Qualitative Analysis of Primary Care Provider Prescribing Decisions for Urinary Tract Infections

Antibiotics 2019, 8(2), 84; https://doi.org/10.3390/antibiotics8020084
by Larissa Grigoryan 1,*, Susan Nash 1, Roger Zoorob 1, George J. Germanos 1, Matthew S. Horsfield 1, Fareed M. Khan 1, Lindsey Martin 2,3 and Barbara W. Trautner 2,3
Reviewer 1: Anonymous
Reviewer 2: Anonymous
Antibiotics 2019, 8(2), 84; https://doi.org/10.3390/antibiotics8020084
Submission received: 14 May 2019 / Revised: 13 June 2019 / Accepted: 14 June 2019 / Published: 19 June 2019
(This article belongs to the Special Issue Feature Paper in Antibiotics for 2019)

Round 1

Reviewer 1 Report

This is a well written and interesting qualitative study to understand the prescription of antibiotics by primary care providers in urinary tract infections. I have only a few comments.

Please change the title, removing the sentence  “We Have a Patient Population that Wants Their Symptoms to be Resolved Immediately”.

In the abstract, the aim of the study should be clear. It must be clear that the study focuses only on the prescription decisions of antibiotics for treatment of urinary tract infections.

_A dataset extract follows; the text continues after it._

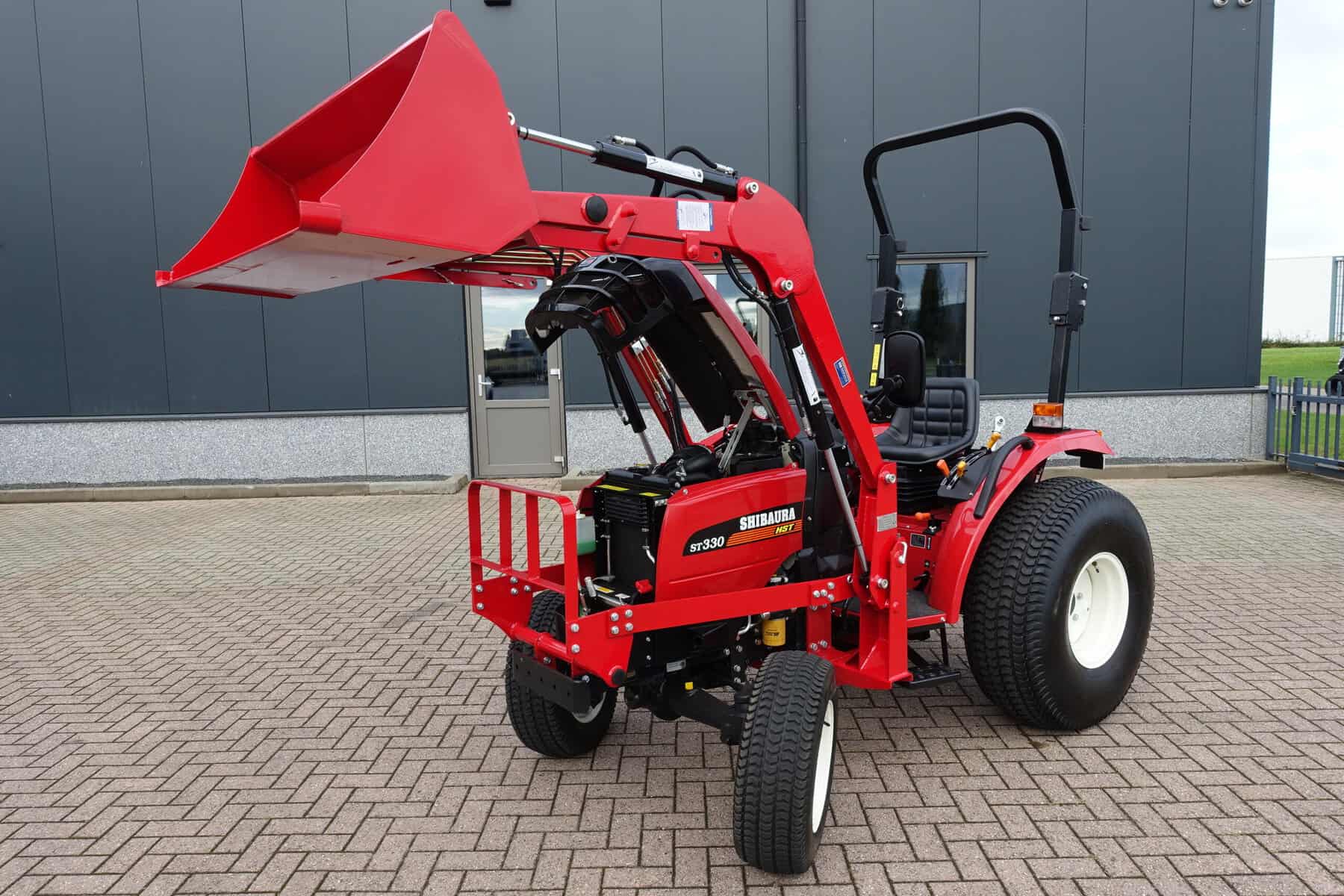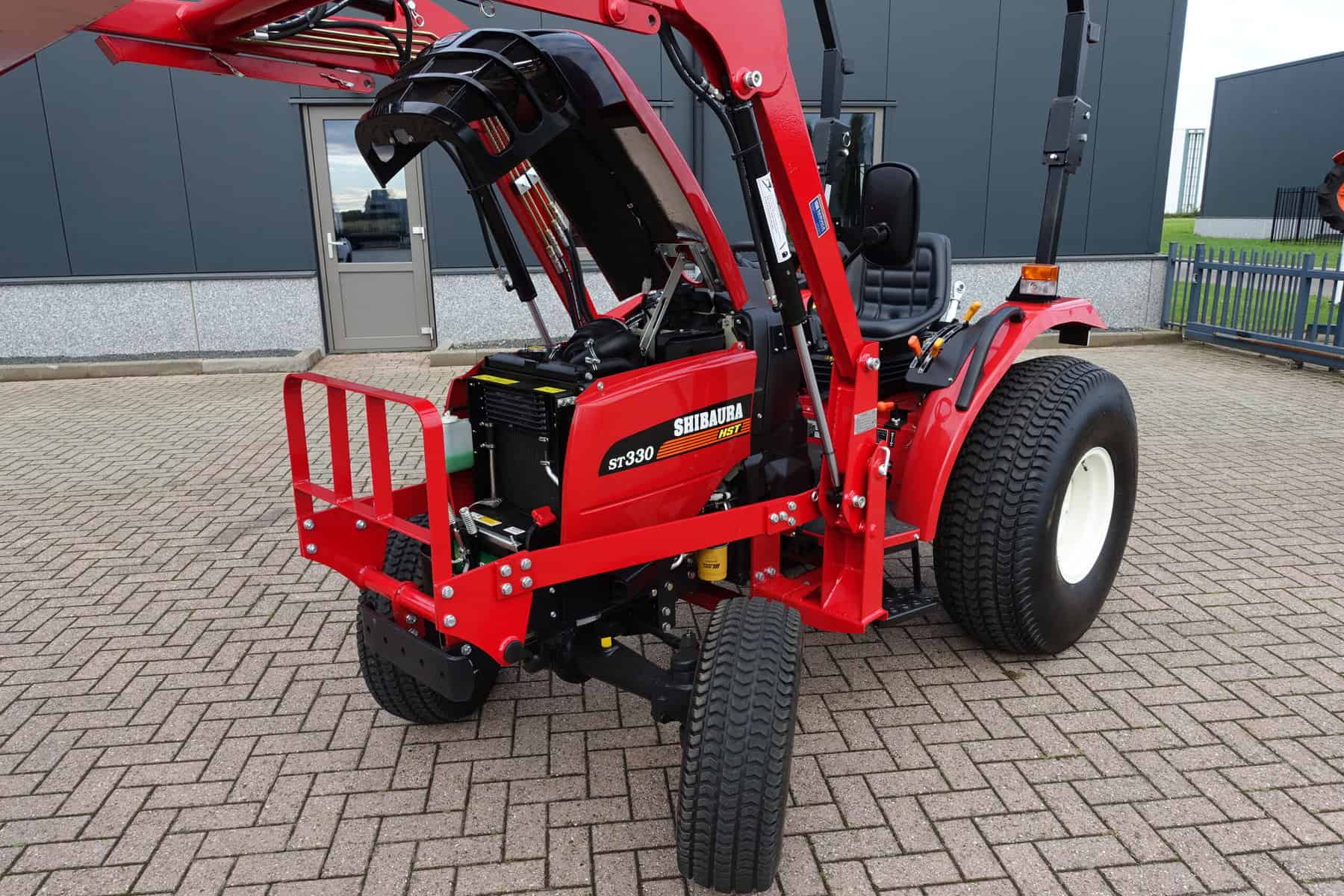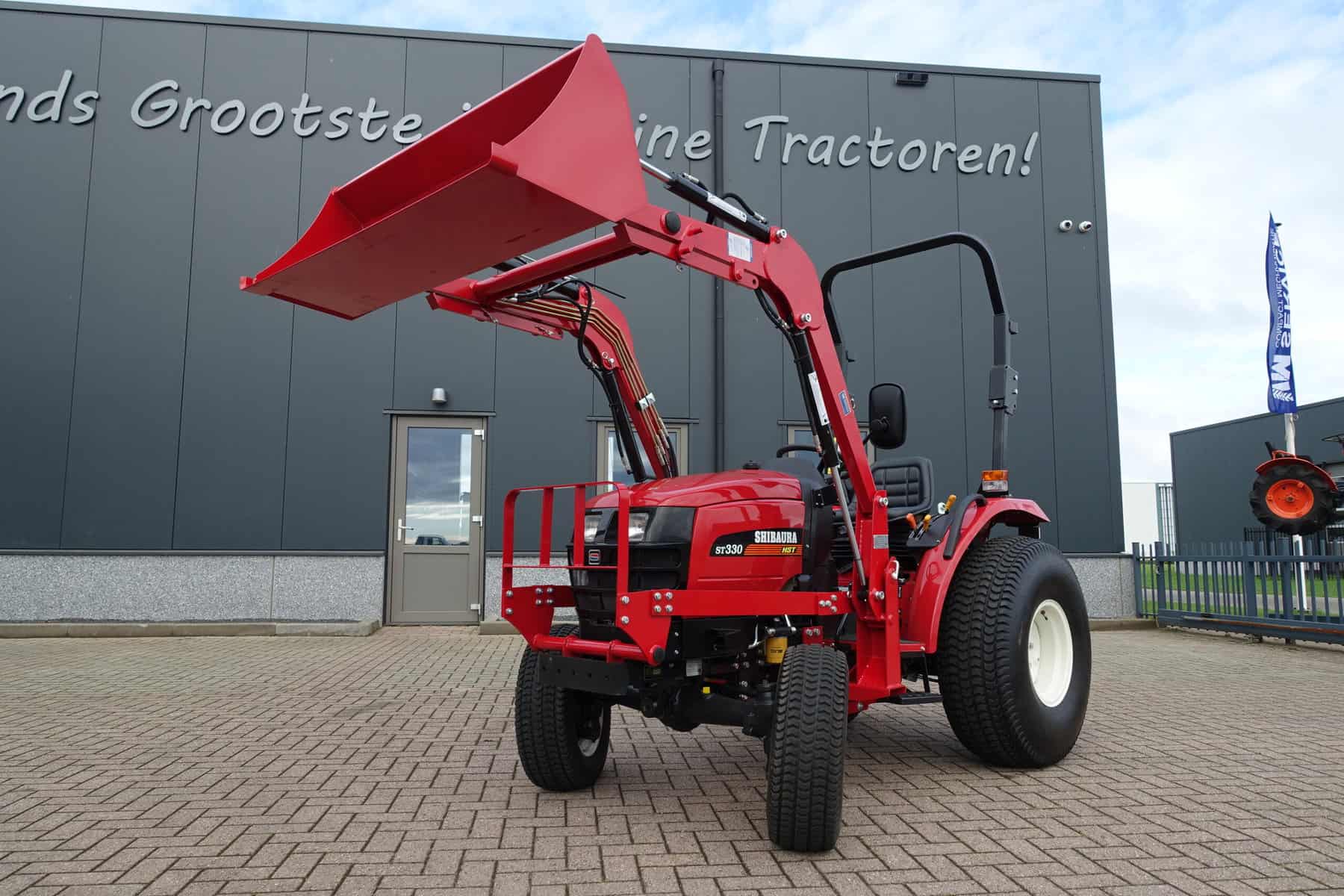 Automaatuitvoering (HST), Voorlader, 34,5 Pk, Hef en aftakas aan de achterzijde, Stuurbekrachtiging. Shibaura is Japanse topkwaliteit, hoge afwerking en hoogwaardige bewezen techniek. Krachtig door 34,5 Pk dieselmotor, hoog hefvermogen op de voorlader doordat de lader zeer dicht op de trekker gebouwd is. Voorlader is tevens voorzien van snelwisselsysteem zodat de gehele voorlader eenvoudig en snel is af te koppelen.

The setting of the study were two private, academically-affiliated family medicine clinics. Are these kind of clinics, and physicians working there, representative of primary care service? Why the authors did not make some interviews in public not academically-affiliated clinics? Although it is a qualitative study whose objective is to explore the participants' perception and practice, it seems to me that there may be differences between the private sector and the public sector, as well as among academically-affiliated and not academically-affiliated clinics. It is important to discuss this in the discussion section, maybe as a limitation of the study.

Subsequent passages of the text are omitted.